** Opening AVAILABLE DATA block **

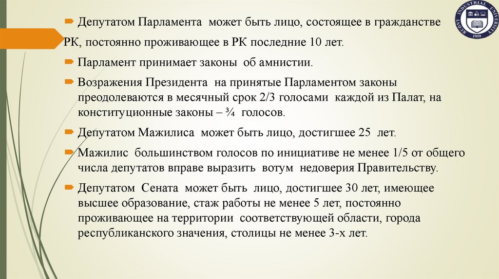 Депутатом Парламента может быть лицо, состоящее в гражданствеРК, постоянно проживающее в РК последние 10 лет.
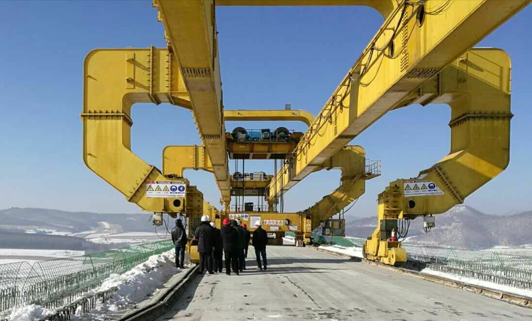 近期,沈陽鐵路監管局對轄區哈牡客運專線冬季施工質量安全進行專項監督檢查。圖為檢查組檢查哈牡客專海林特大橋架梁施工作業情況。
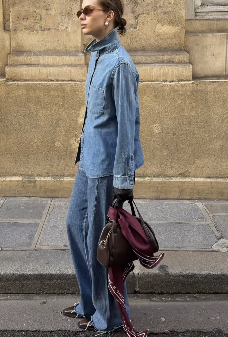 클래식한 토트 백 또한 이 스카프를 활용한 가방 꾸미기에 제격이에요. 올 데님 룩에 매치한 디테일이 없는 브라운 토트 백에 단 스카프가 고급스러움을 더합니다. 스카프의 장점은 움직일수록 더 스타일리시해 보인다는 것. 이전까지 유행했던 백 꾸미기 아이템들이 다소 유치하게 느껴졌다면 이제는 이 클래식하고 성숙한 스카프를 활용해 걸음 걸음마다 우아함을 더해 보세요.
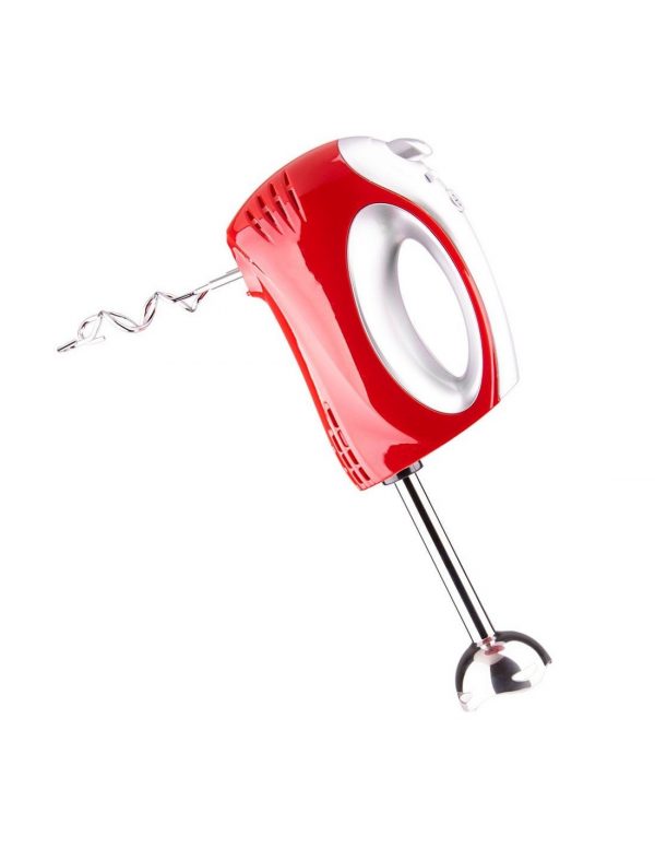Mikser Voltz V51110F 300W crveni. Dugme za izbacivanje dodatne opreme. 2x18cm hromirane kuke za mešanje testa. 2x18cm hromirane mešalice za jaja i kajmak. Osovina blendera od nerđajućeg čelika. Sigurnosni sistem koji sprečava rad blendera osim ako se ne izabere postavka brzine i pritisne TURBO dugme. Ergonomski dizajn za jednostavnu upotrebu i čišćenje. 220-240V~, 50/60Hz, ručni mikser brzine 300W
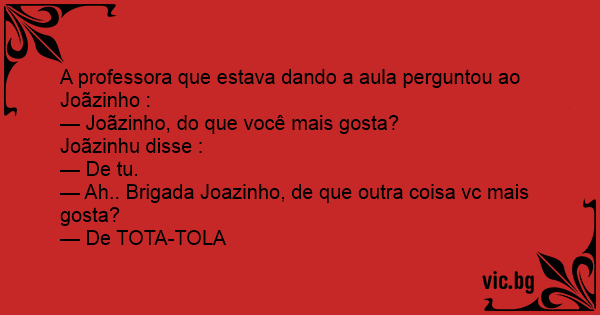 — Ah.. Brigada Joazinho, de que outra coisa vc mais gosta?
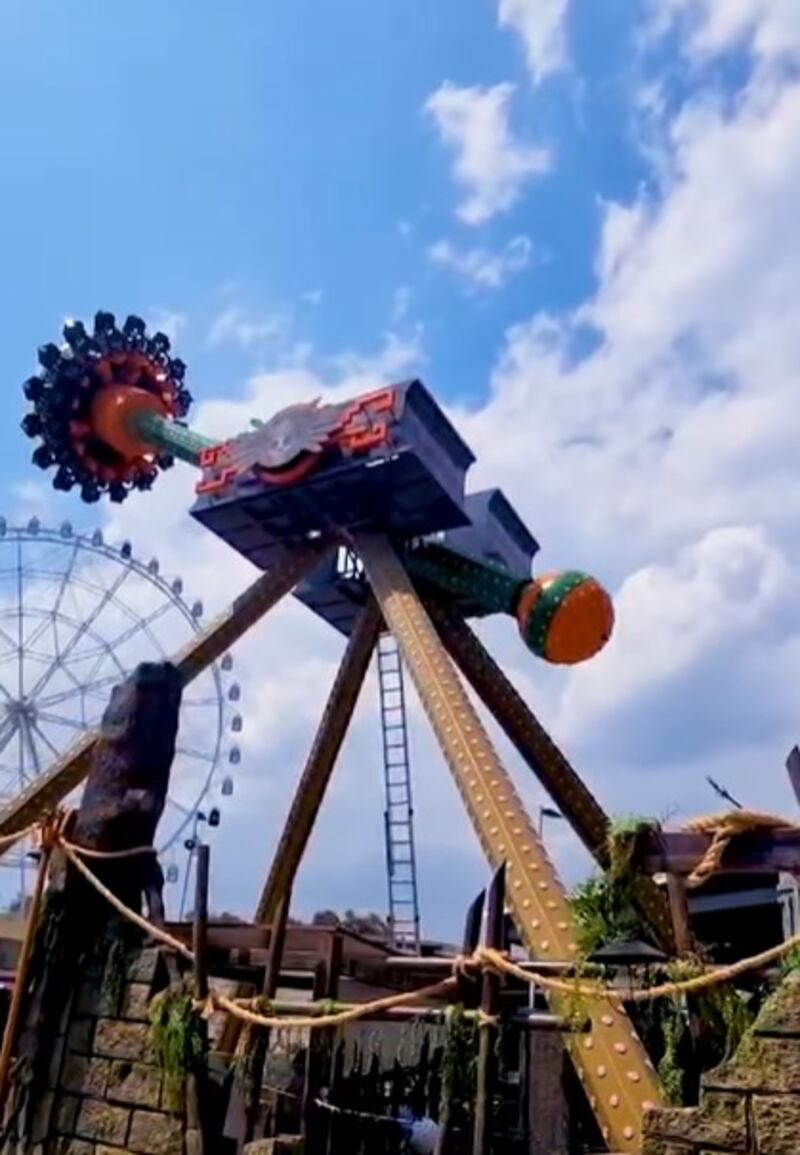 Dará giros de 360 grados mientras el mismo péndulo gira en su propio eje, por lo que se le considera una de las más extremas en el parque.
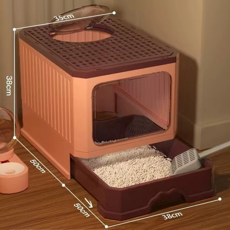 고양이 쓰레기 트레이 대형 완전 밀폐 된 화장실 고양이 쓰레기 트레이 안티 스플래시 큰 고양이 트레이 접히는 고양이 냄새 방지
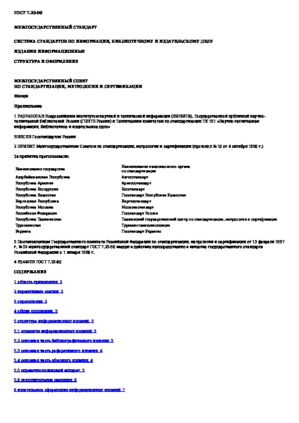 ГОСТ 7.23-96: Система стандартов по информации, библиотечному и издательскому делу. Издания информационные. Структура и оформление
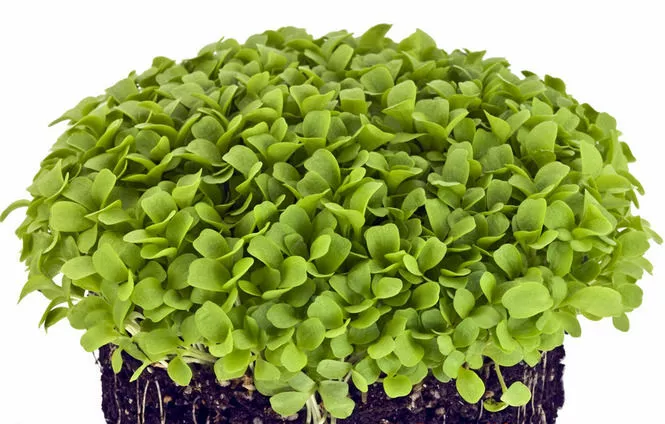 Зеленые островатые ростки с пряным ароматом. Содержат эфирные масла, витамины А, Р, В2, С, каротин, рутин и фитонциды. Молодые листочки добавляют в свежие салаты, овощные супы, в гарниры и украшают все блюда. Микрозелень базилика имеет антисептическое и противовоспалительное действие, укрепляет стенки сосудов, помогает нормализовать вес.
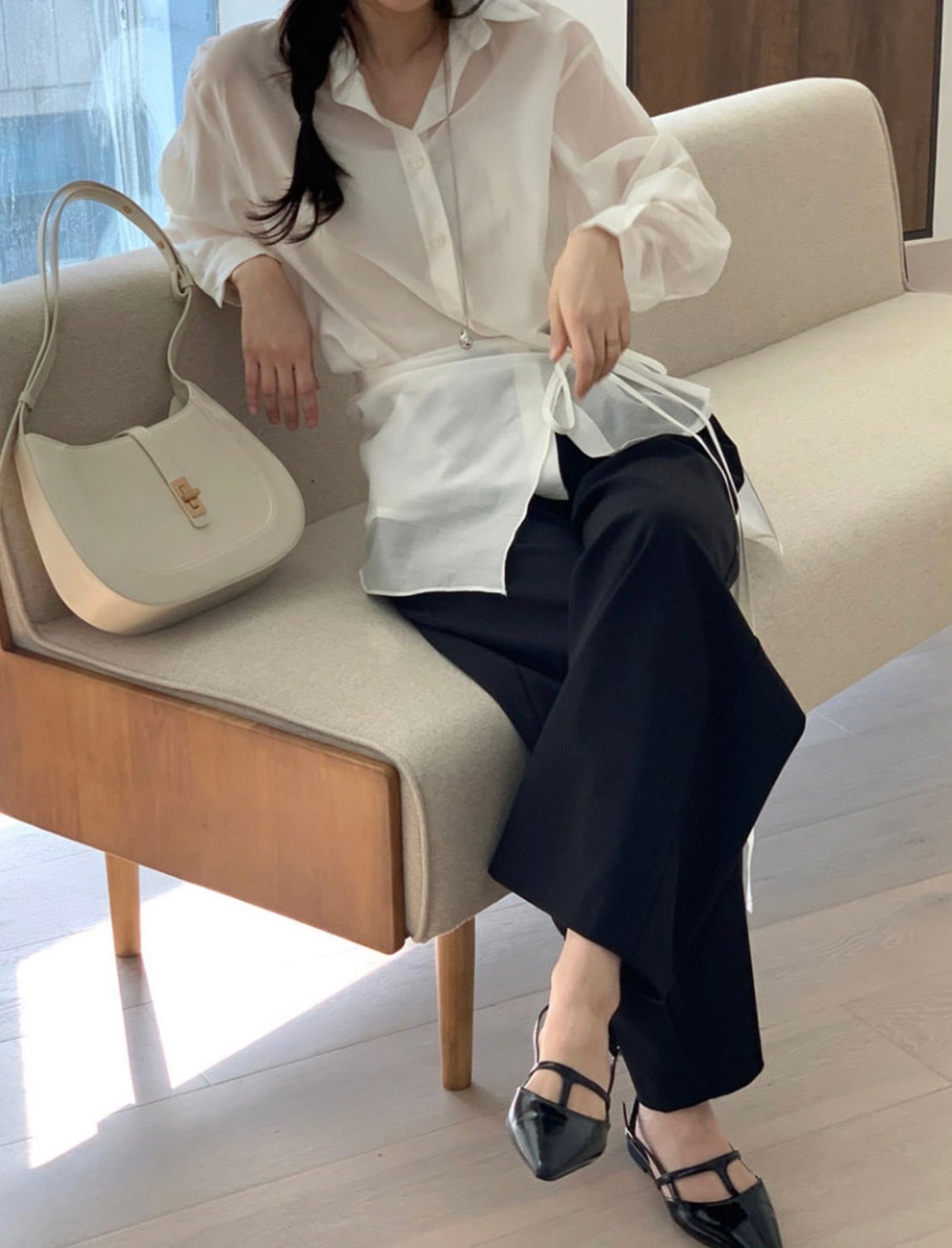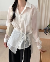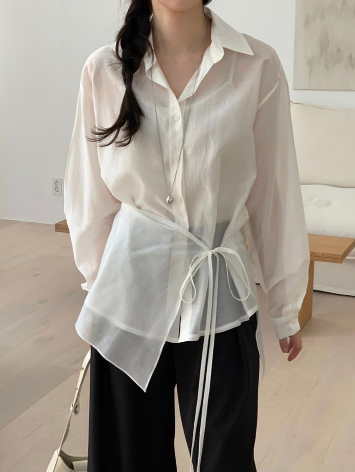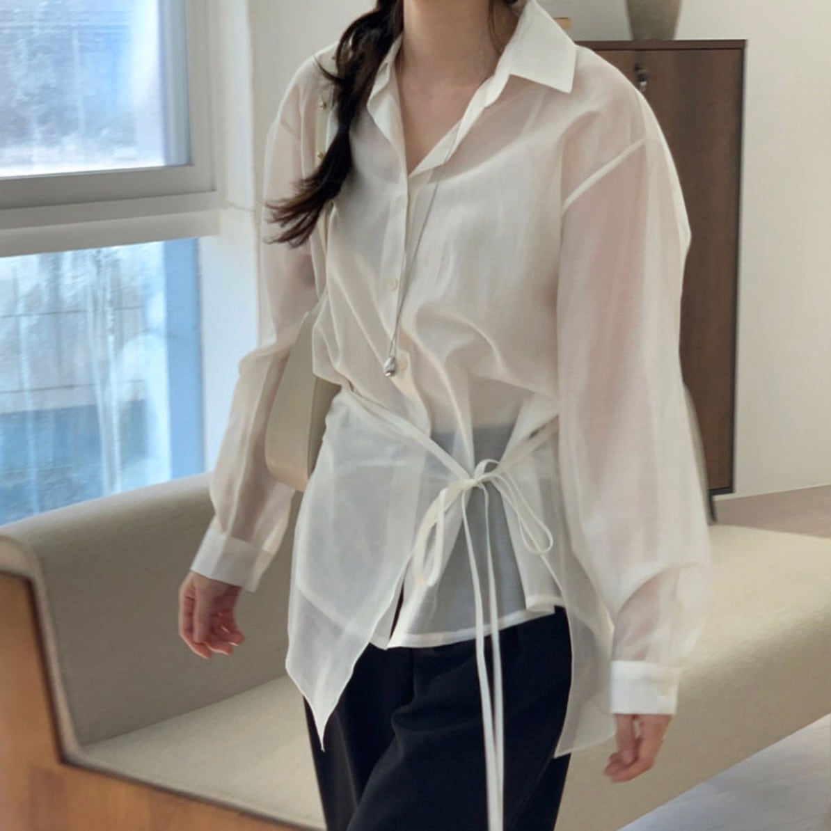 シンプルでありながらも大人っぽさを演出するホワイトシアーシャツ。

** Closing AVAILABLE DATA block **

▶ WHAT THE TASK REQUIRES
Please transcribe every entry above exactly, leaving out any pictures.

▶ RESPONSE TO THIS EXERCISE
 Депутатом Парламента может быть лицо, состоящее в гражданствеРК, постоянно проживающее в РК последние 10 лет.
 近期,沈陽鐵路監管局對轄區哈牡客運專線冬季施工質量安全進行專項監督檢查。圖為檢查組檢查哈牡客專海林特大橋架梁施工作業情況。
 클래식한 토트 백 또한 이 스카프를 활용한 가방 꾸미기에 제격이에요. 올 데님 룩에 매치한 디테일이 없는 브라운 토트 백에 단 스카프가 고급스러움을 더합니다. 스카프의 장점은 움직일수록 더 스타일리시해 보인다는 것. 이전까지 유행했던 백 꾸미기 아이템들이 다소 유치하게 느껴졌다면 이제는 이 클래식하고 성숙한 스카프를 활용해 걸음 걸음마다 우아함을 더해 보세요.
Mikser Voltz V51110F 300W crveni. Dugme za izbacivanje dodatne opreme. 2x18cm hromirane kuke za mešanje testa. 2x18cm hromirane mešalice za jaja i kajmak. Osovina blendera od nerđajućeg čelika. Sigurnosni sistem koji sprečava rad blendera osim ako se ne izabere postavka brzine i pritisne TURBO dugme. Ergonomski dizajn za jednostavnu upotrebu i čišćenje. 220-240V~, 50/60Hz, ručni mikser brzine 300W
 — Ah.. Brigada Joazinho, de que outra coisa vc mais gosta?
 Dará giros de 360 grados mientras el mismo péndulo gira en su propio eje, por lo que se le considera una de las más extremas en el parque.
 고양이 쓰레기 트레이 대형 완전 밀폐 된 화장실 고양이 쓰레기 트레이 안티 스플래시 큰 고양이 트레이 접히는 고양이 냄새 방지
 ГОСТ 7.23-96: Система стандартов по информации, библиотечному и издательскому делу. Издания информационные. Структура и оформление
 Зеленые островатые ростки с пряным ароматом. Содержат эфирные масла, витамины А, Р, В2, С, каротин, рутин и фитонциды. Молодые листочки добавляют в свежие салаты, овощные супы, в гарниры и украшают все блюда. Микрозелень базилика имеет антисептическое и противовоспалительное действие, укрепляет стенки сосудов, помогает нормализовать вес.
 シンプルでありながらも大人っぽさを演出するホワイトシアーシャツ。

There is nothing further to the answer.